I tried to solve this by adding all-zero columns to my data_matrix and sample files (adding "fake-samples" to both).

Don't do this. Go back to the original data. Adding the zeros is what causes the error "every gene contains at least one zero...". I can't think of any Bioconductor packages that want you to add pseudo-data or pseudo-samples.

Secondly, mm0 is not defined correctly. It is the same as mm1 essentially (but without taking care of the 0 columns). You may need to chat with a statistician about the role of mm1 and mm0. mm0 should have the columns of mm1 removed that you want to test. And don't forget to provide mm1 and mm0 to DESeq():

dds <- DESeq(dds, test="LRT", full=mm1, reduced=mm0)
ADD COMMENT
0
Entering edit mode

Thank you Michael,

I was trying the strategy with "fake samples" because I thought they would be ignored aftermath, but I stopped that. Yesterday I could manage to give the full matrix (including the incomplete condition) to DEseq2 by just defining it manually, and now LRT is finally working on all my samples. I am using LRT as follows:

LRT_int <- DESeq(DEmat, test="LRT", full = ~ Bch + Fl + St + Fl:St, reduced = ~ Bch + Fl + St)

Here, I included the batch (Bch) effect in the model (because due to technical issues the RNAseq samples ended up being split into different batches..), and this brought me to a new question:

When I want to see the interaction effect, I should only remove from the equation the interaction (Fl:St) term, is that right? So the batch has to stay in the reduced model, otherwise would be also tested together with the interaction term.
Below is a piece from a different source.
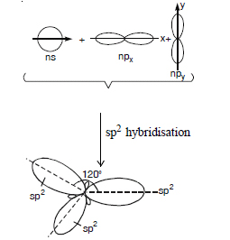 by the mixing up of one ns and two ns orbitals and these lie in the same plane oriented at an angle of 120°

Also, when I want to see the effect of St alone, I should remove only St, because if I would remove both St and Fl:St, then I would be testing for both terms, right?

Thank you once again.

ADD REPLY
0
Entering edit mode

Oh, I just realised of this warning message after running DEseq(LRT) with my manually-entered-factors matrix:

the design formula contains one or more numeric variables with integer values, specifying a model with increasing fold change for higher values. did you mean for this to be a factor? if so, first convert this variable to a factor using the factor() function the design formula contains one or more numeric variables that have mean or standard deviation larger than 5 (an arbitrary threshold to trigger this message). Including numeric variables with large mean can induce collinearity with the intercept. Users should center and scale numeric variables in the design to improve GLM convergence.

This is because I made all my factor levels numerical.. If I keep them non-numerical, then I get the full rank error:

the model matrix is not full rank, so the model cannot be fit as specified. Levels or combinations of levels without any samples have resulted in column(s) of zeros in the model matrix.

So I guess that the results from LRT_int may not be correct?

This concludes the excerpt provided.